Understanding all of this is to understand why Paul and the other New Testament writers rarely quoted Jesus. Some critics have gone so far as to claim that Paul knew nothing of the real person, the historical Jesus, but only knew of him as a "God" that he later created largely from his own imagination. As evidence of this they cite the fact that Paul rarely quotes Jesus, speaks little of his life, and addresses different issues than Jesus addressed. But that is the whole point. Jesus has sent his community to be sent as he was sent but not to do precisely what he did. They would build on his mission, not recreate it. Jesus came to bring the new creation to reality, his community was to go announce the kingdom and to live it in the world. To go around and do exactly what Jesus did and preach the same message that he preached would be an act of disloyalty and disobedience. He announced the kingdom and the new creation, we are to live it and invite the world into it. We are not to be Jesus, we are to be for the world what he was to Israel. We are to share in his work based on him as the foundation of what we do. He calls his community to create a building on the foundation of Christ, "For no one can lay any foundation other than the one already laid, which is Jesus Christ" (1 Cor. 3:11).


As part of this mission Jesus says of his new community, that if they forgive the sins of anyone, their sins are forgiven, but if they do not, they are not forgiven. Jesus is not, we should carefully note, bestowing some priestly ability to forgive sins of other human beings, something only God can do. If that were the case, then we would also have the ability to not forgive sins if we so chose. Jesus is, instead, using a common figure of speech which applied in the first century to someone being included or excluded in the synagogue community.

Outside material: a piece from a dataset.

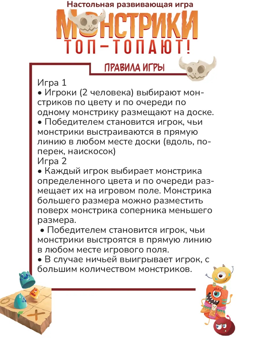 В комплект входит: доска-головоломка, 10 фигурок монстров, буклет, инструкция.
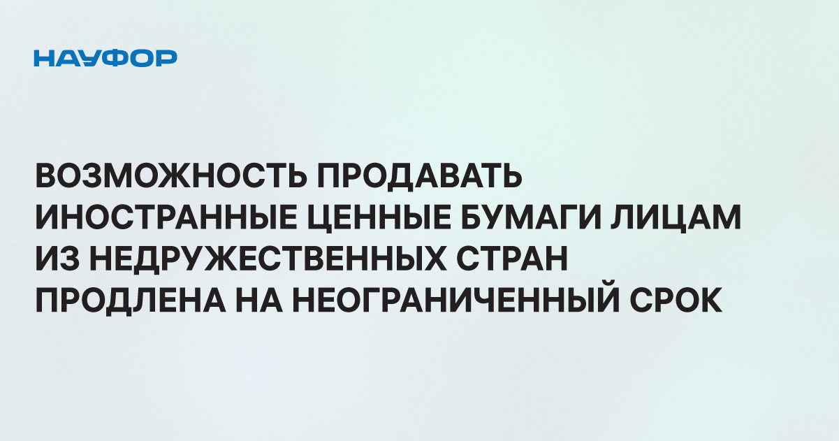 Правительственная комиссия по контролю за осуществлением иностранных инвестиций продлила на неопределенный срок возможность финансовым организациям осуществлять сделки, влекущие за собой возникновение права собственности на иностранные ценные бумаги, отчуждаемые лицам из недружественных государств.

The disciples were to witness by the word, life, and love of their new community concerning the new creation available through dying to self and entering into the life of Christ. Those who embraced this message would have their sins forgiven, while those who rejected it would not. Jesus is affirming, in other words, that his new community will have the power, through their mission and message, to call people to forgiveness. Entrance into Christ would come through entrance into his community. One cannot be separated from the other.



Devotional Thought

The immediate result of Jesus’ resurrection was his call to his body of believers to go out and announce his new creation and kingdom, to be his ambassadors. How much time and effort do you invest into that calling? Is it honestly the focal point of your time, your resources, and your attention? Do you constantly announce and/ or build God’s kingdom in your family or at your job?